Я ей говарю, неча все время к сестры таскаться. Мы таперя муж и жена, говарю я ей. Твое место при детях. Она гаворит, я с дитями еду. Я гаварю, твое место возле мине. Она говарит, ты тоже хочешь с нами? А сама у зеркала наряжается и детей одевает.

А учить не пробовал? Мистер __ спрашивает.

Харпо голову наклонил и на руки свои смотрит. Нет, говорит эдак тихо, не пробовал. И застеснялся как-то.

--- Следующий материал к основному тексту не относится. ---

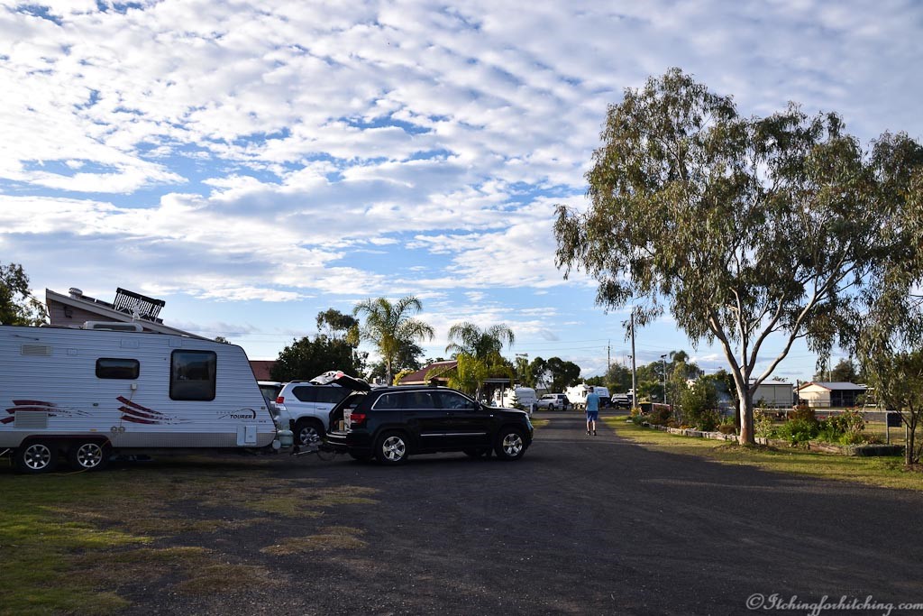 We cross the Queensland border at Goondiwindi (pronounced Gunda Windy by the way) and pull into Redman Park for a bite of lunch. It’s a pretty park with plenty of green grass and a dump point (which might sound silly but it is of the utmost importance to us caravanners). I cannot believe the transformation in Goondiwindi. Whenever we’ve stopped here it’s been dry or like last time, dry and dusty. But now, it’s a green and shady oasis. We need bread and when debating on which supermarket to go to a voice comes over the radio “Coles is closed”. Of course, it’s Sunday and only the Foodworks is open, we keep forgetting that businesses in the bush close on weekends. We visit a very good and reasonably priced Foodworks and later learn that the Coles supermarket is only open Tuesday to Saturday.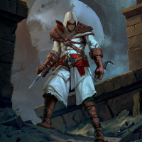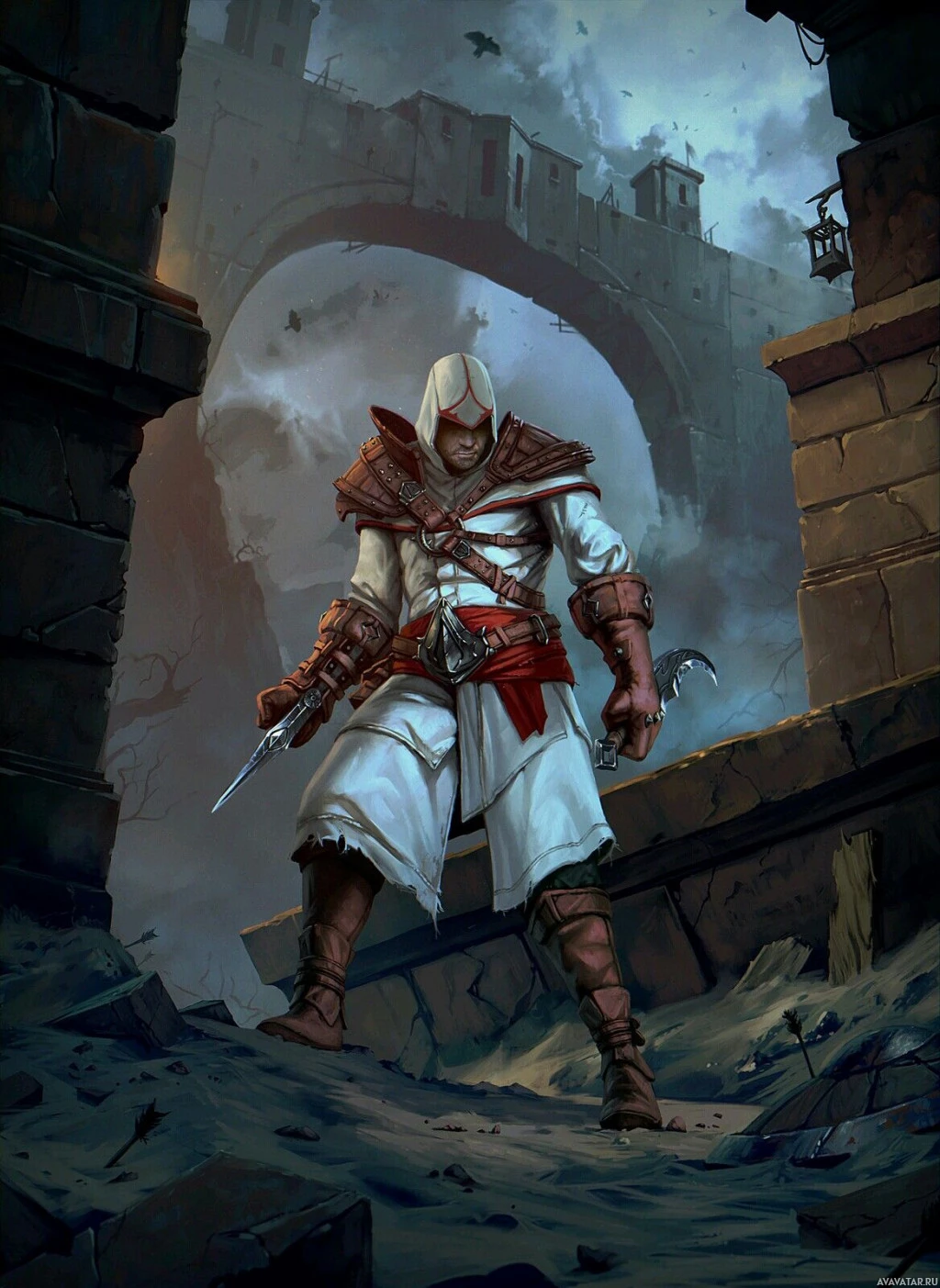 red accents, which is characteristic of the Assassins from the game. He is holding a sword and has a hood on his head, which also contributes to his assassin-like appearance. The background appears to be a ruined cityscape, possibly indicating a scene from one of

Как же ты хочешь, штоб она тебя уважала? Бабы, они как дети. Им надо растолковать, што к чему. Ништо так не прочищает мозги, как пара хороших затрещин.

Трубкой запыхтел и дальше проповедует. София слишком много о себе понимает, говарит. Надобно ее чуток на место поставить.

Я Софию уважаю, она совсем на мине непохожая. Скажем, она заводит разговор, а Харпо и Мистер __ входють в комнату, так она и не думает замолчать. Спросють они, где какая-нибудь вещь лежит, скажет, не знаю, и дальше болтает.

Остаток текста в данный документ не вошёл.